ABSTRACT
Studies on the species composition, relative abundance and distribution of medium and large mammals were carried out from August 2015 to July 2016 in Mengaza communal forest. Data were collected using line transect technique. A total of twelve species of medium and large mammals were identified and recorded in the study area. Rock hyrax (Procavia capensis), porcupine (Hystrix cristata), honey badger (Mellivera capensis), vervet monkey (Chlorocebus aethiops), Abyssinian hare (Lepus habessinicus), black backed jackal (Canis mesomelas), klipspringer (Oreotragus oreotragus), olive baboon (Papio anubis), were among the medium mammals but Spotted hyena (Crocuta crocuta), aardvark (Oryctropus afer), bohor reed buck (Redunca redunca) and common duiker (Sylvicapra grimmia) were among the large mammals identified in the study area. Olive baboon (32.7%) was the most abundant species during dry and wet seasons. Mammalian species composition between the two habitats (natural forest and plantation) was not significant (χ2 = 0.47, df =1, P > 0.05). However, there was seasonal variation in the abundance of individuals of medium and large mammals (χ2 = 3.89, df = 1, P < 0.05). The area is facing severe degradation due to human population pressure. Therefore, there should be proper conservation of the forest to sustain the wildlife species living there.
Key words: Abundance, distribution, medium and large mammals, Mengaza Communal Forest, plantation species composition.
Mammals are diversified both structurally as well as functionally (Yonas and Fikresilasie, 2015). Class Mammalia is composed of 5,487 species and more than 1150 species of mammals are found in Africa (Borges et al., 2014). East Africa is rich in mammalian fauna are the (Zerihun et al., 2012a). Topographic diversity and climate most significant predictors of mammalian species diversity (Melaku, 2011) in which heterogeneous habitats support different species of mammals (Vaughan et al. 2000). Ethiopia is one of the African countries known for highest mammal species richness (Zerihun et al., 2012b), and possesses more than 320 mammals, of these, 36 are endemic to the country (Alemneh, 2015a, b; Rabira et al., 2015). The highest level of endemicity is credited to the large extent of highlands (Yalden and Largen, 1992). More than 60% of the mammal species in Ethiopia are medium and large- size (Dereje et al., 2015). Most populations of medium and large mammals are severely depleted in the country including protected areas (Rabira et al., 2015). It is due to growth of human population, habitat loss, fragmentation, weak management of the protected areas and deforestation (USAID, 2008).

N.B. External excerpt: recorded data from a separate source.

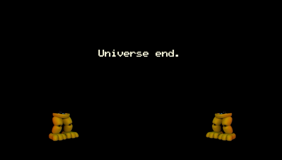 内容は、2体のFredbearが同時にバグり、上半身が爆発するというもの。 Fredbear本人にとっては非常に気の毒なエンディングである。 Universe(宇宙)の名が示す通り、宇宙の理に反して2体の同じキャラクターを出会わせてしまったせいで、 タイムパラドックスが発生してしまったことが原因だと思われる。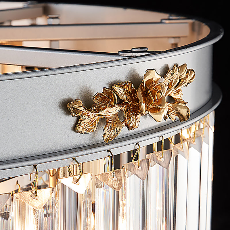 Dieser moderne Trommelleuchter besticht durch sein einzigartiges Design mit rechteckig geschliffenen Kristallen. Er ist je nach Größe mit drei oder vier Leuchten erhältlich und passt perfekt in jedes Esszimmer. Die 40 cm/49,5 cm breite Leuchte besteht aus hochwertigem Kristall und ist in Silber erhältlich. Sie verwendet E12/E14-Glühbirnen (nicht im Lieferumfang enthalten) und ist mit LED-, Glüh- und Leuchtstofflampen kompatibel.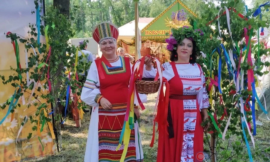 А какая же Троица без песен? Фольклорный ансамбль «Каравай» представил своё выступление «Фольклорная картинка». Свои творческие поздравления подарили зрителям вокальный ансамбль «Соловейко» из Курска, народный вокальный ансамбль «Стожары» из Луганска и заслуженный коллектив Республики Беларусь ансамбль народной музыки и песни «Свiтанок».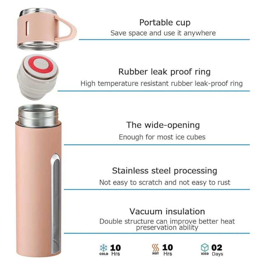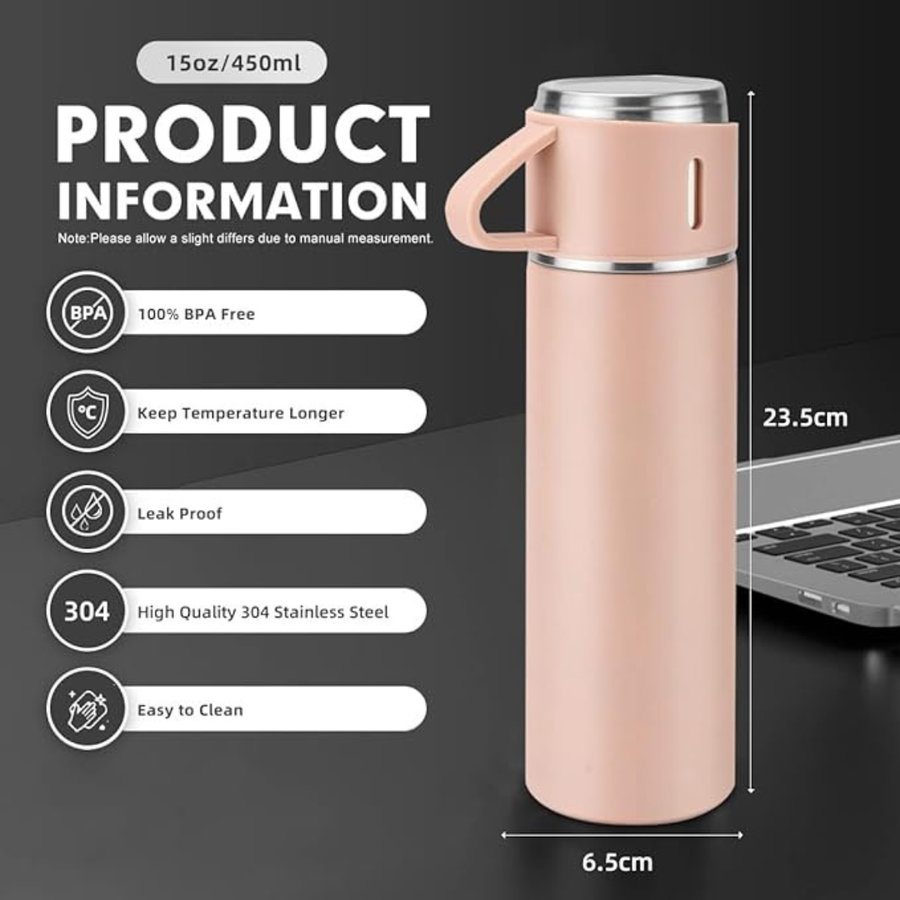 ترمس ب 3 اكواب- 500مللي- (بينك)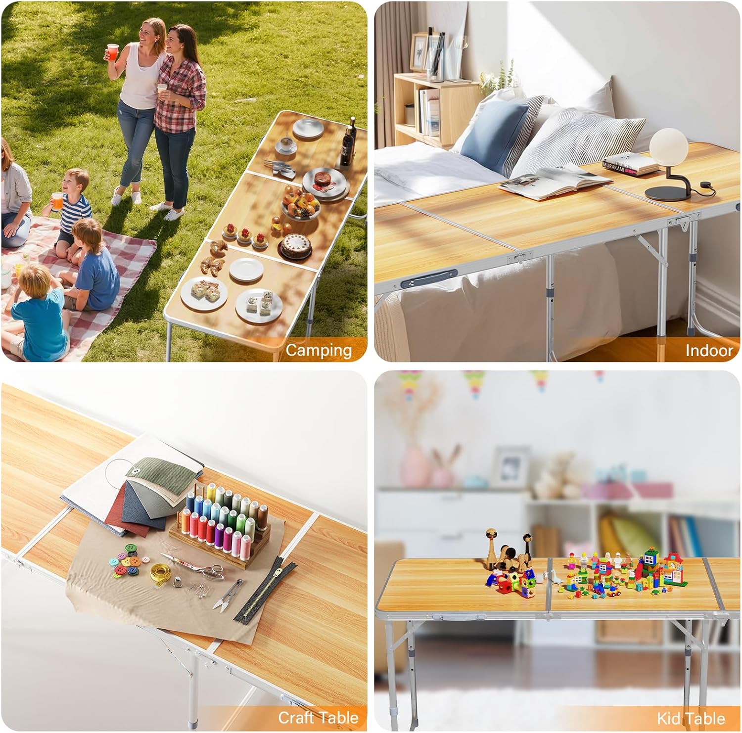 - MULTIPURPOSE TABLE: The foldable table is universal . Perfect for outdoor and indoor activities, camping, picnic, hiking, fishing, Dining, BBQ, party, travel, gathering, concert, sports, event.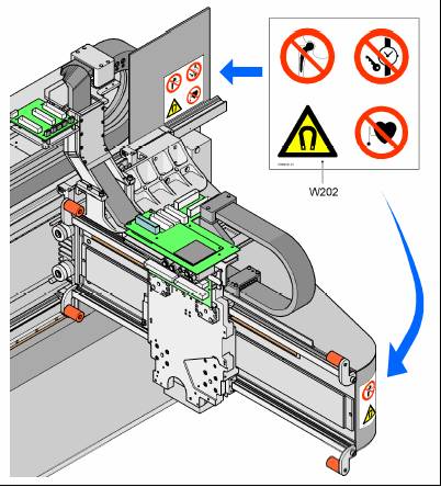 Eticheta de atentionare W202 amplasata pe gantry (macara)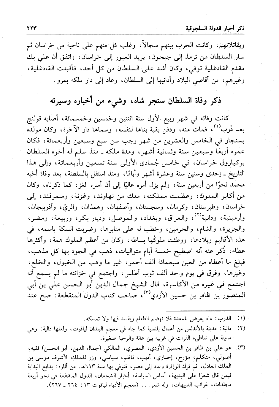 كانت وفاته في شهر ربيع الأول سنة اثنتين خمسين وخمسمائة ، أصابه قولنج بعد ذرب فمات منه ، ودفن بقبة بناها لنفسه ، وسماها دار الآخرة ، وكان مولده بسنجار في الخامس والعشرين من شهر رجب سنة سبع وسبعين وأربعمائة ، فكان عمره أربعا وسبعين سنة وثمانية اشهر ، ومدة ملكه - منذ سلم له أخوه السلطان بركياروق خراسان ، في خامس جمادى الأولى سنة تسعين وأربعمائة ، وإلى هذا التاريخ - إحدى وستين سنة وعشرة أشهر وأياما ، ومنذ استقل بالسلطنة ، بعد وفاة أخيه محمد نحوا من أربعين سنة ، ولم يزل أمره عاليا إلى أن أسره الغز ، كما ذكرناه ، وكان من أكابر الملوك ، وعظمت مملكته ، ملك من نهاوند ، وغزنة ، وسمرقند ، إلى خراسان ، وطبرستان ، وكرمان ، وسجستان ، وأصفهان ، وهمذان ، والري ، وأذربيجان ، وأرمينية ، ودانية ، والعراق ، وبغداد ، والموصل ، وديار بكر ، وربيعة ، ومضر ، والجزيرة ، والشام ، والحرمين ، وخطب له من منابرها ، وضربت السكة باسمه ، في هذه الأقاليم وبلادها ، ووطئت ملوكها بساطه ، وكان من أعظم الملوك همة ، وأكثرها عطاء ، ذكر عنه أنه اصطبح خمسة أيام متواليات ، ذهب في الجود بها كل مذهب ، فبلغ ما أعطاه من العين سبعمائة ألف أحمر ، غير ما وهب من الخيول ، والخلع ، وغيرها ، وفرق في يوم واحد ألف ثوب أطلس ، واجتمع في خزانته ما لم يسمع أنه اجتمع في غيره من الأكاسرة ، قال الشيخ جمال الدين أبو الحسن علي بن أبي المنصور ابن ظافر بن حسين الأزدي ، صاحب كتاب الدول المنقطعة : صح عند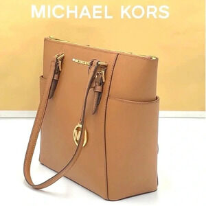 Michael Kors Large Charlotte Tote Bag Luggage Leather Luggage Brown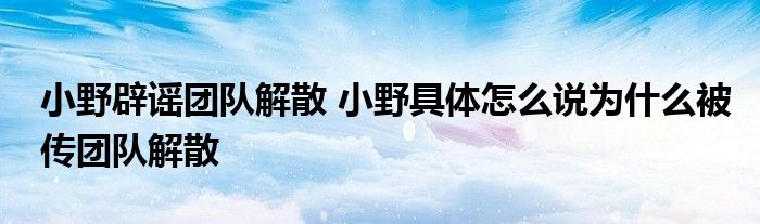 大家好.我是互联百科的羽儿,现在为大家解决以上小野辟谣团队解散 小野具体怎么说为什么被传团队解散的问题.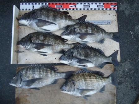 3月20日 楠本様 磯でチヌ 40〜48cm 6尾 (餌:オキアミ) |

Knowledge on local fauna is essential for future conservation strategies and provide basic information for more complex ecological and biogeographical studies (Botelho et al., 2012), and which is the first step for conservation action (Botelho et al., 2012; Fornitano et al., 2015). Investigations on mammalian diversity, abundance and habitats provided information of the status of populations for appropriate conservation actions (Galetti et al., 2009; Rabira et al., 2015; Yosef, 2015). Hence, lack of survey may hinder preparation of appropriate management plan in the protected areas (Fornitano et al., 2015). The fauna of Ethiopia is not well investigated (Dawit and Afework, 2008; Alemneh 2015 b; Dereje et al., 2015). There is little quantitative information about how the tropical forest mammals change (Ahumada et al., 2011). Most of the diversity and population ecology of medium and large mammals are targeted on National Parks and sanctuaries of the country (Mohamed and Afework, 2014), but outside of the protected areas records and conservation status of the different species of mammals are poorly known (Rabira et al., 2015).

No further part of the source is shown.